The task
Your copy should begin with the line containing "சென்னை முழுவதும் 5,594", end with the line containing "When the elevator", match the listing below exactly, and contain no pictures.

Supplied records

● ● ● ● ● ● ●

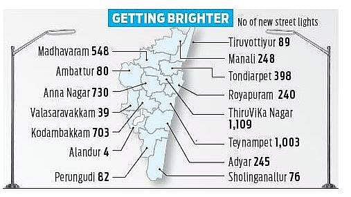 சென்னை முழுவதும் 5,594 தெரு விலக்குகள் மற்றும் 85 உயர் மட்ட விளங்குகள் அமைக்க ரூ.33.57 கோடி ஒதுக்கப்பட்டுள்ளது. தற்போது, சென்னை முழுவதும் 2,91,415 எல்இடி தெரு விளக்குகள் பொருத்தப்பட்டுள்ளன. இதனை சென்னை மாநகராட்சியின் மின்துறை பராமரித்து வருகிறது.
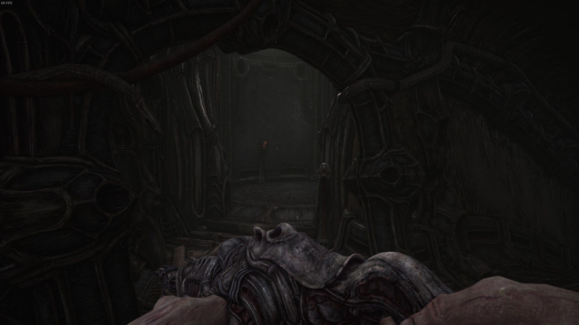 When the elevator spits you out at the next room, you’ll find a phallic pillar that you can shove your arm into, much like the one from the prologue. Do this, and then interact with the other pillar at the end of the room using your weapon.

● ● ● ● ● ● ●

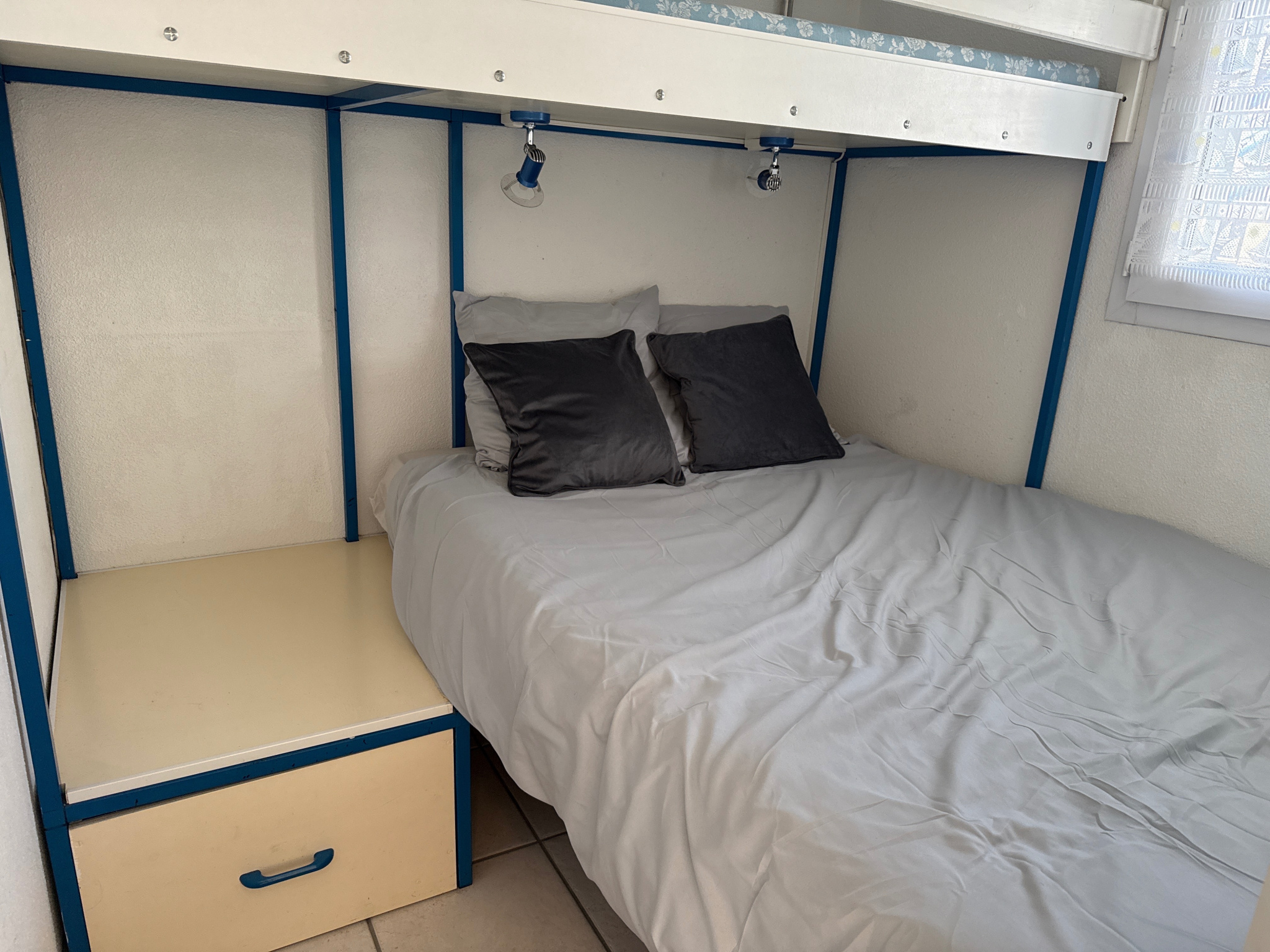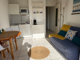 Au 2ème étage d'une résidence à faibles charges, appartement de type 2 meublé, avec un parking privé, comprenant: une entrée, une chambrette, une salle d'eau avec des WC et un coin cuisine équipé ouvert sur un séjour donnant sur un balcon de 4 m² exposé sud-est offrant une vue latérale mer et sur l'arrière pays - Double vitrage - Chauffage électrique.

● ● ● ● ● ● ●

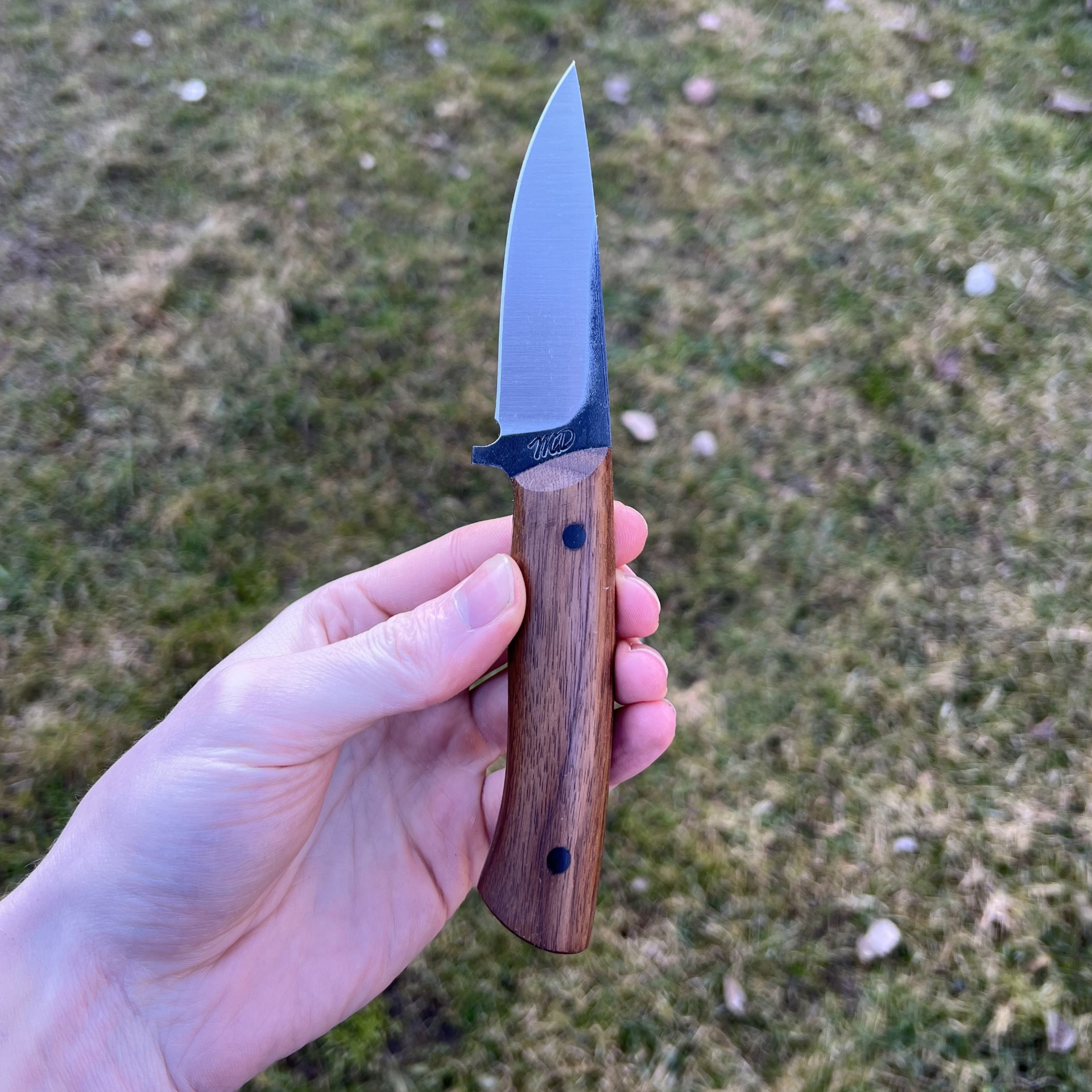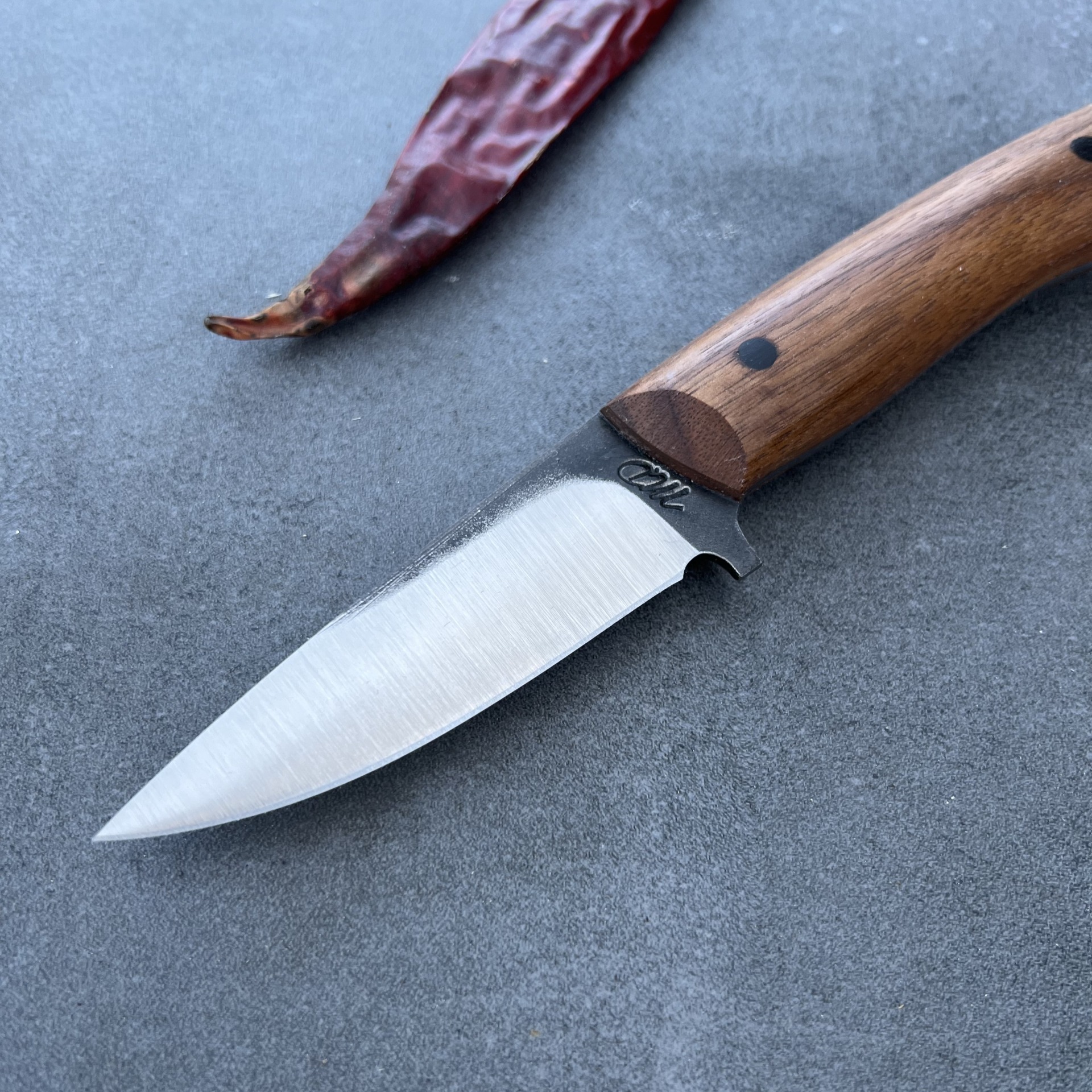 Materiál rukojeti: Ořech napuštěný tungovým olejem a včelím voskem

● ● ● ● ● ● ●

Expected answer
 சென்னை முழுவதும் 5,594 தெரு விலக்குகள் மற்றும் 85 உயர் மட்ட விளங்குகள் அமைக்க ரூ.33.57 கோடி ஒதுக்கப்பட்டுள்ளது. தற்போது, சென்னை முழுவதும் 2,91,415 எல்இடி தெரு விளக்குகள் பொருத்தப்பட்டுள்ளன. இதனை சென்னை மாநகராட்சியின் மின்துறை பராமரித்து வருகிறது.
 When the elevator spits you out at the next room, you’ll find a phallic pillar that you can shove your arm into, much like the one from the prologue. Do this, and then interact with the other pillar at the end of the room using your weapon.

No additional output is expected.